Task brief - All of the records below are to be printed exactly; the pictures are to be left out.

Saved data entries -
◇ ◇ ◇ ◇

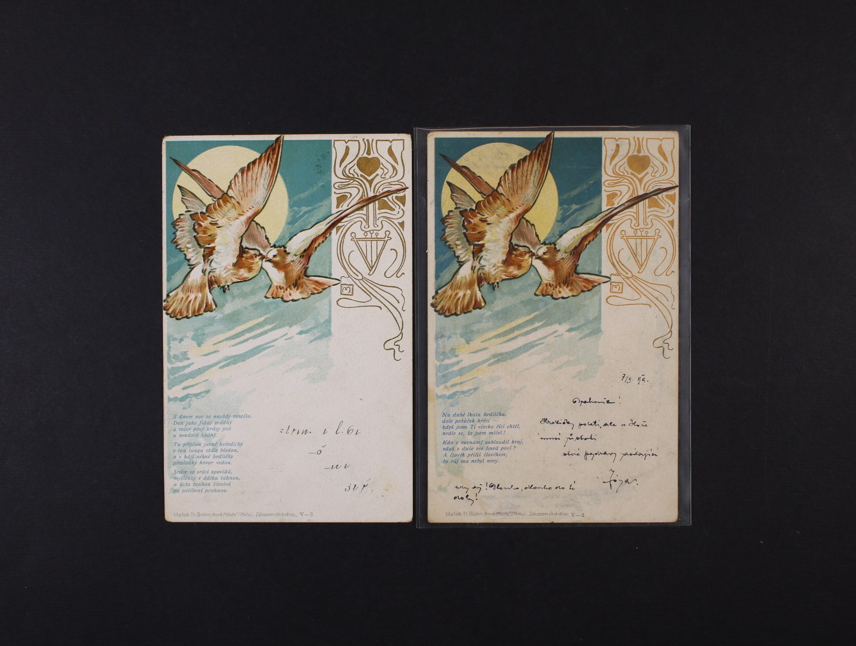 Umělecké - 2 secesní bar. litografie, emise Hálkovy Večerení písně s námětem holubice, sign. Muttich, dl. adresy, použité 1899
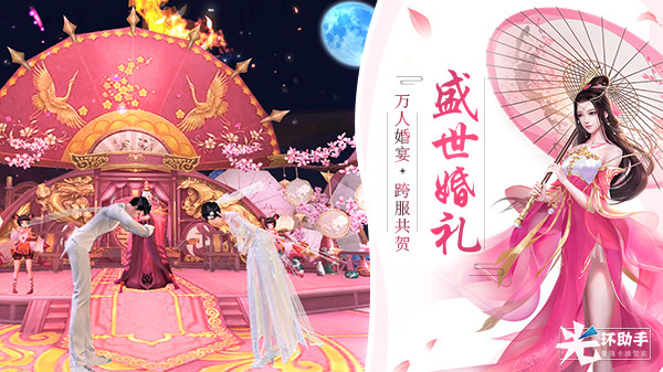 盛大的跨服婚礼,还有堵门、抢绣球和拼酒等有趣玩法,华丽非凡,羡煞三界!
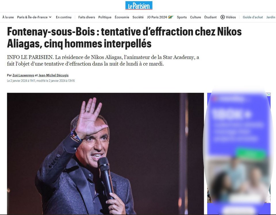Σύμφωνα με τη «Le Parisien», στην προσπάθειά τους να εισβάλουν στο σπίτι του Νίκου Αλιάγα, οι πέντε διαρρήκτες προκάλεσαν φθορές στην πόρτα του σπιτιού, αλλά δεν κατάφεραν να μπουν μέσα στο οίκημα. Όπως αναφέρεται ακόμη, ο δημοσιογράφος/παρουσιαστής δεν ήταν εκεί την ώρα του συμβάντος.
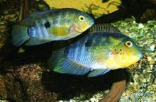Тело короткое с высокой спиной и крупной головой. В спинном плавнике 16-18 колючих лучей и 7-10 мягких, в анальном 8-9 колючих и 6-8 мягких. Самцы крупнее самок и с удлиненными концами спинного и анального плавников. Окраска: голова желтая, тело голубое. На корпусе крупной черное пятно. Вырастает до 11 см SL
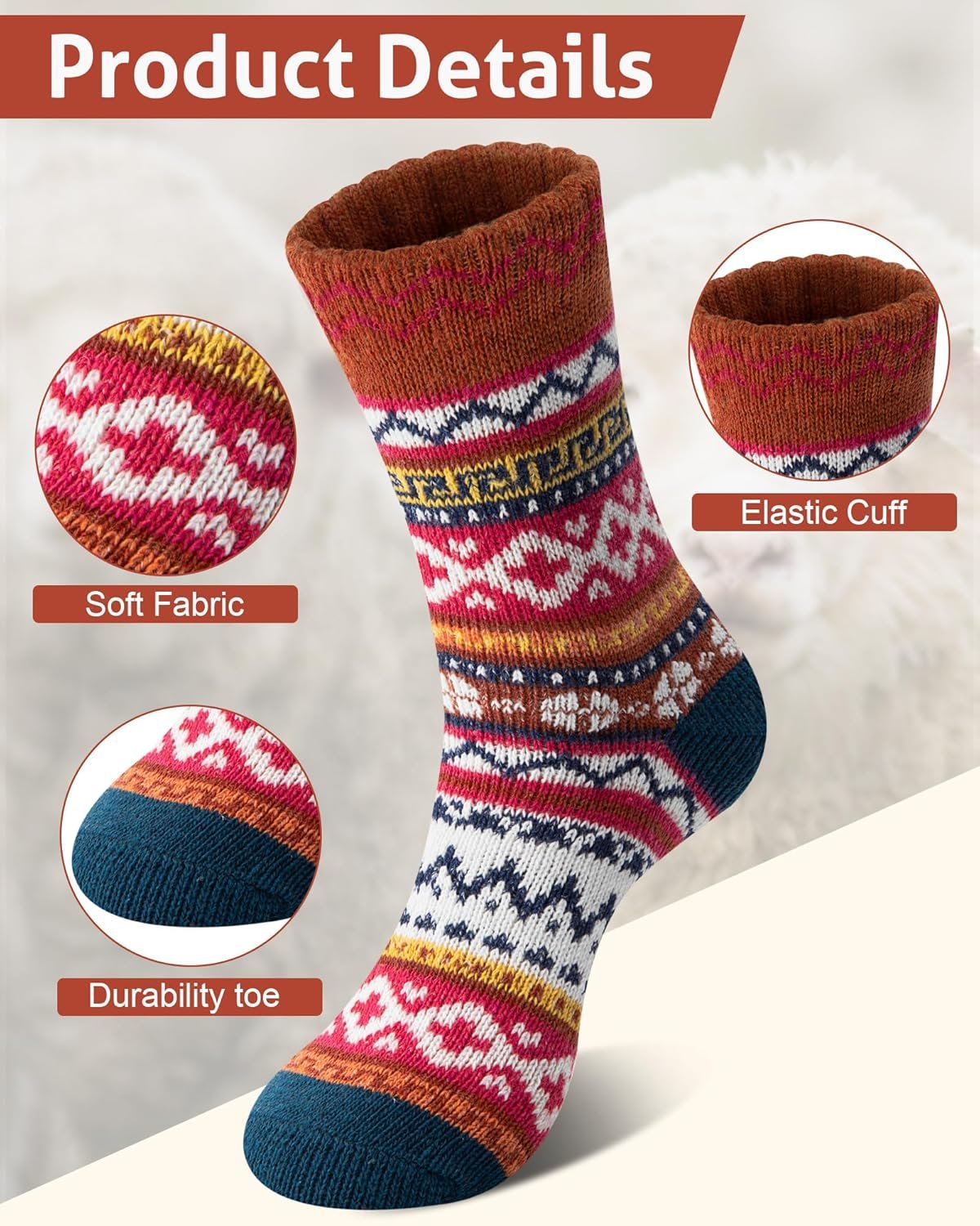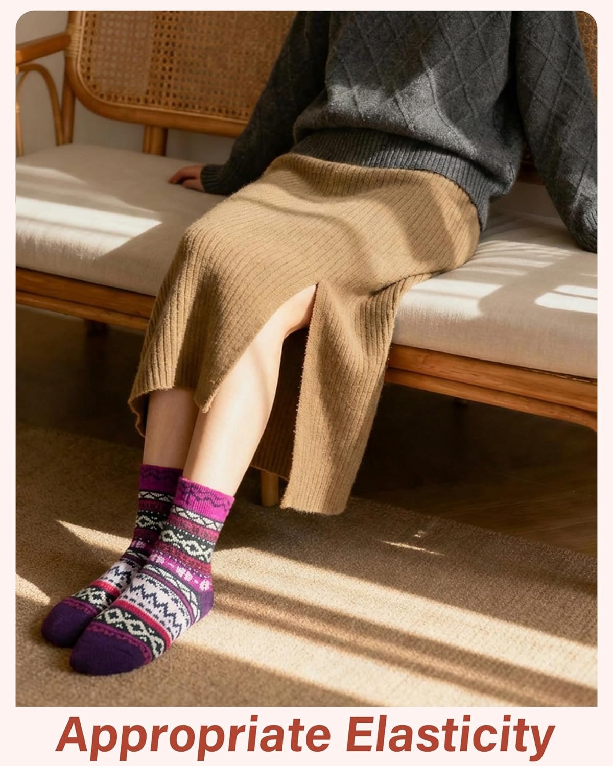 Customers find these socks provide perfect warmth without being too heavy, and appreciate their comfort, noting they’re not itchy and not too tight around the ankles. They receive positive feedback for their quality, softness, and appearance, with customers loving the colors and patterns. Opinions about thickness are mixed, with some finding them thick enough for winter while others consider them rather thin.
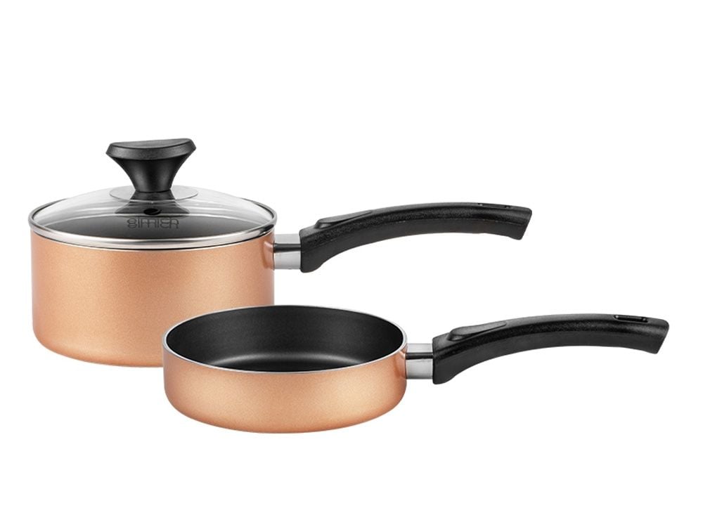 Bộ nồi chảo Baby EL- 1167 gồm 1 quánh đường kính 16cm và 1 chảo đường kính 16cm.

◇ ◇ ◇ ◇

Solution for this exercise -
 Umělecké - 2 secesní bar. litografie, emise Hálkovy Večerení písně s námětem holubice, sign. Muttich, dl. adresy, použité 1899
 盛大的跨服婚礼,还有堵门、抢绣球和拼酒等有趣玩法,华丽非凡,羡煞三界!
Σύμφωνα με τη «Le Parisien», στην προσπάθειά τους να εισβάλουν στο σπίτι του Νίκου Αλιάγα, οι πέντε διαρρήκτες προκάλεσαν φθορές στην πόρτα του σπιτιού, αλλά δεν κατάφεραν να μπουν μέσα στο οίκημα. Όπως αναφέρεται ακόμη, ο δημοσιογράφος/παρουσιαστής δεν ήταν εκεί την ώρα του συμβάντος.
Тело короткое с высокой спиной и крупной головой. В спинном плавнике 16-18 колючих лучей и 7-10 мягких, в анальном 8-9 колючих и 6-8 мягких. Самцы крупнее самок и с удлиненными концами спинного и анального плавников. Окраска: голова желтая, тело голубое. На корпусе крупной черное пятно. Вырастает до 11 см SL
 Customers find these socks provide perfect warmth without being too heavy, and appreciate their comfort, noting they’re not itchy and not too tight around the ankles. They receive positive feedback for their quality, softness, and appearance, with customers loving the colors and patterns. Opinions about thickness are mixed, with some finding them thick enough for winter while others consider them rather thin.
 Bộ nồi chảo Baby EL- 1167 gồm 1 quánh đường kính 16cm và 1 chảo đường kính 16cm.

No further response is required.